(THE PROBLEM) Copy out exactly the lines from the one with "重文の幣拝殿は工事中だったが" through the last line of the listing below, both included, but none of the pictures.

(GIVEN MATERIAL)
▼
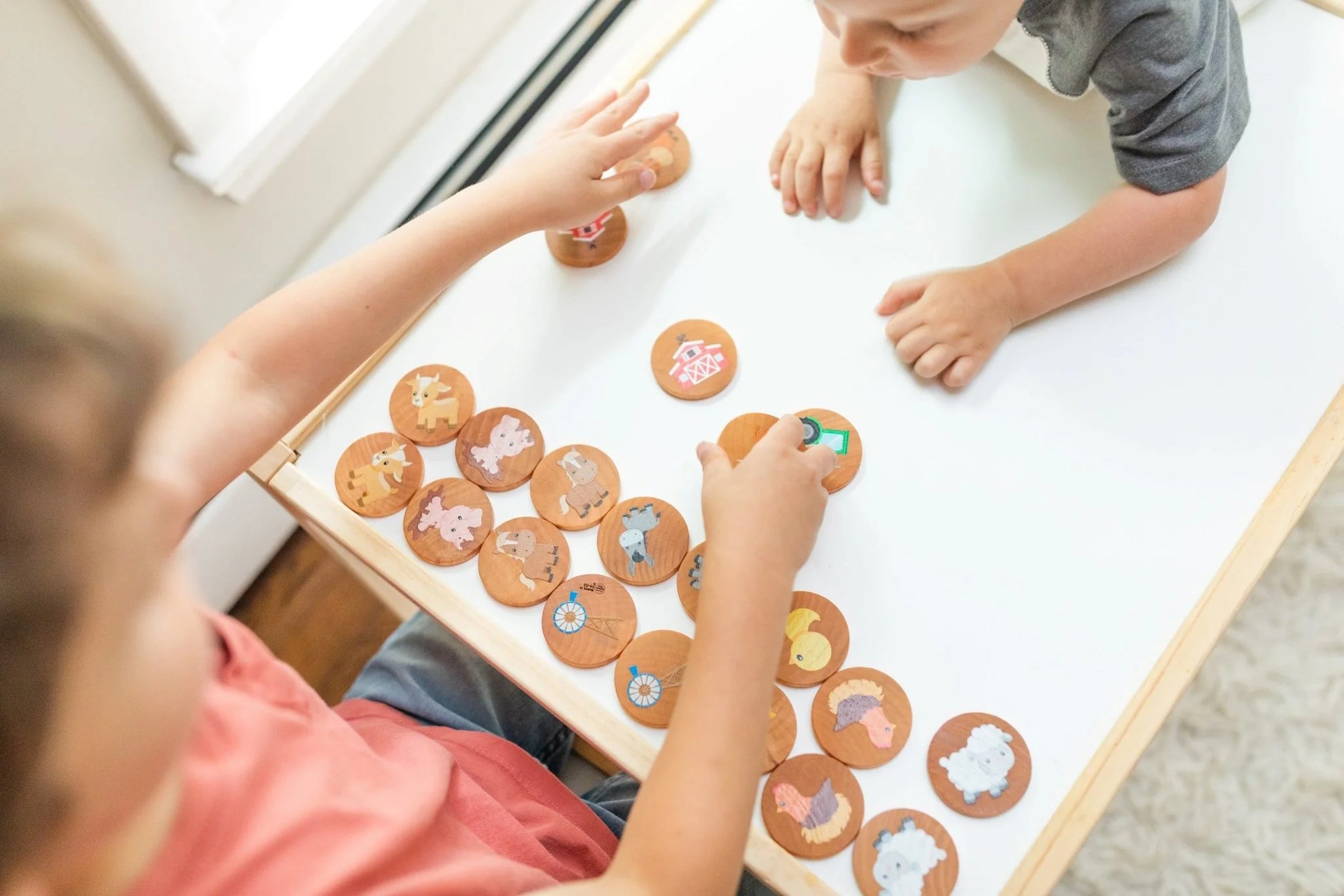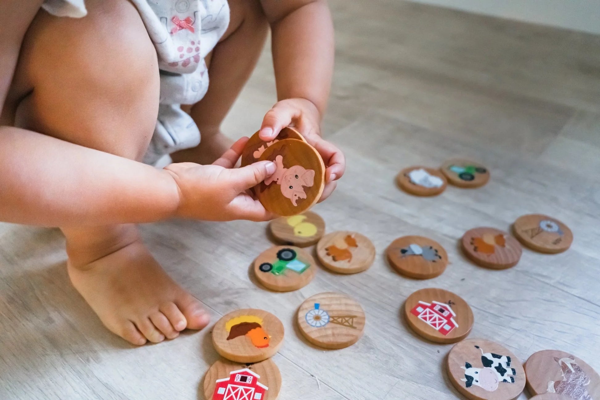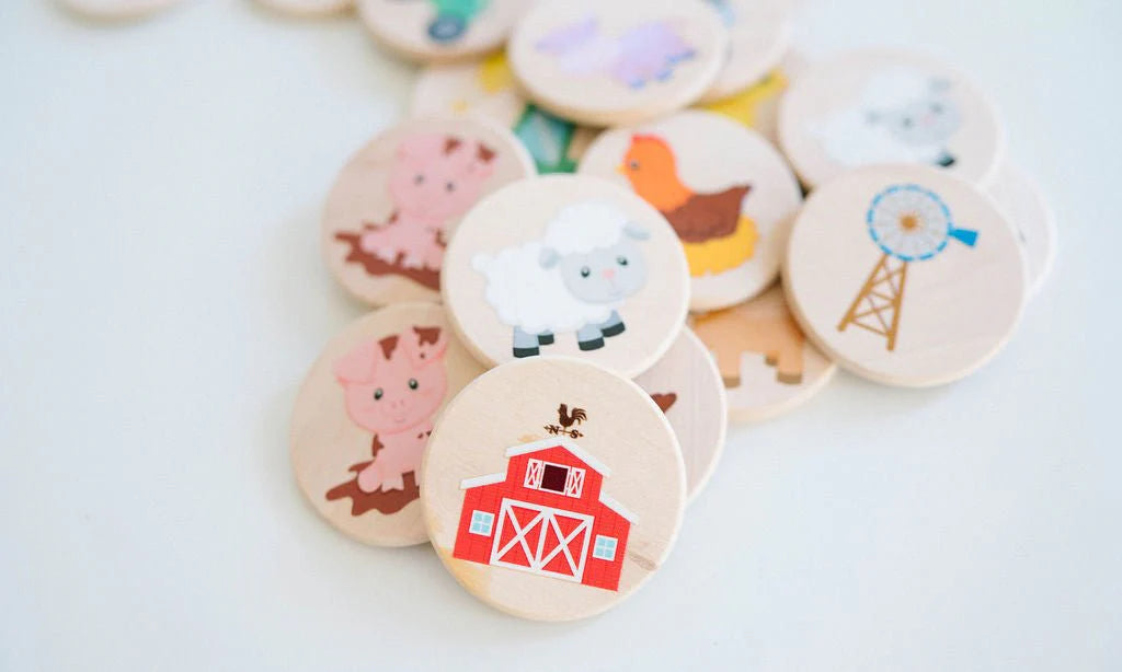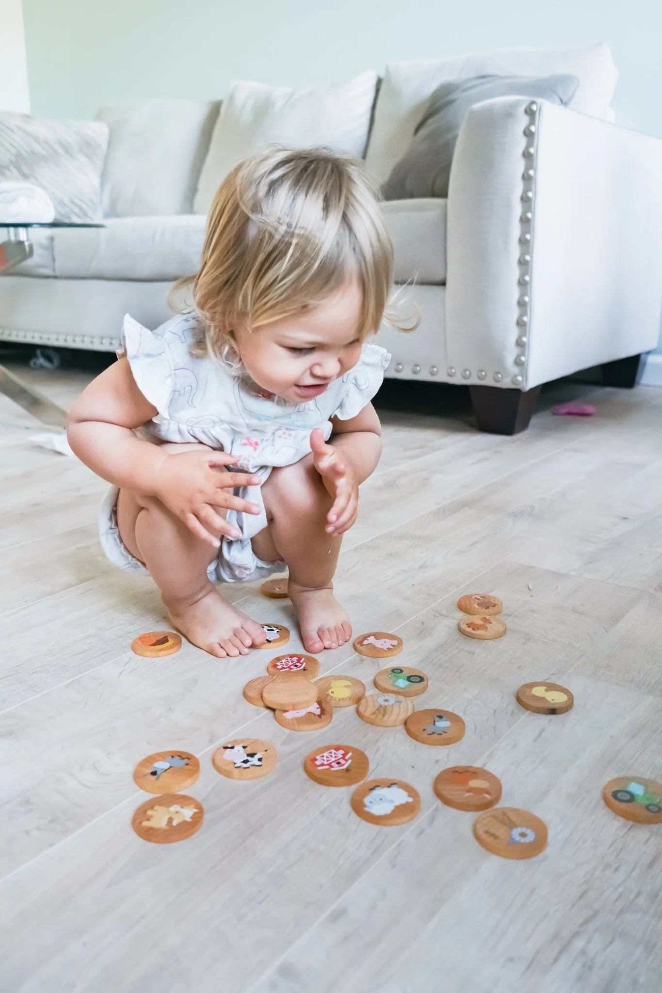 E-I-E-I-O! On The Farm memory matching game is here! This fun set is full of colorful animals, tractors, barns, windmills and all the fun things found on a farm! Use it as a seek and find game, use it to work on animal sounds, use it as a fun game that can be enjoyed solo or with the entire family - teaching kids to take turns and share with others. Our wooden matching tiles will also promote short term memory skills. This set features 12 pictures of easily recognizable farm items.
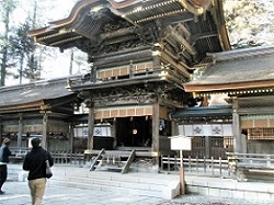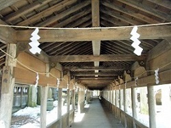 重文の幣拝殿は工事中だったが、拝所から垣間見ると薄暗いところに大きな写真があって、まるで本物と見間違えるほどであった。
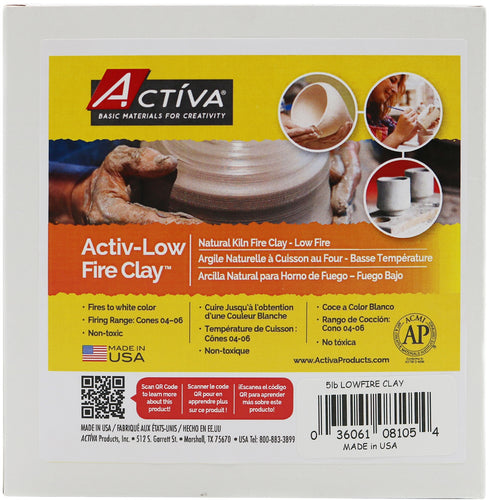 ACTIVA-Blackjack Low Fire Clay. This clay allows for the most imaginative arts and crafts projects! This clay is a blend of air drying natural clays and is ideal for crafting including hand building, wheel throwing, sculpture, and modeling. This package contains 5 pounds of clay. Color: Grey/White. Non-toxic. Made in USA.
▲
(SOLUTION TO THIS PROBLEM)
 重文の幣拝殿は工事中だったが、拝所から垣間見ると薄暗いところに大きな写真があって、まるで本物と見間違えるほどであった。
 ACTIVA-Blackjack Low Fire Clay. This clay allows for the most imaginative arts and crafts projects! This clay is a blend of air drying natural clays and is ideal for crafting including hand building, wheel throwing, sculpture, and modeling. This package contains 5 pounds of clay. Color: Grey/White. Non-toxic. Made in USA.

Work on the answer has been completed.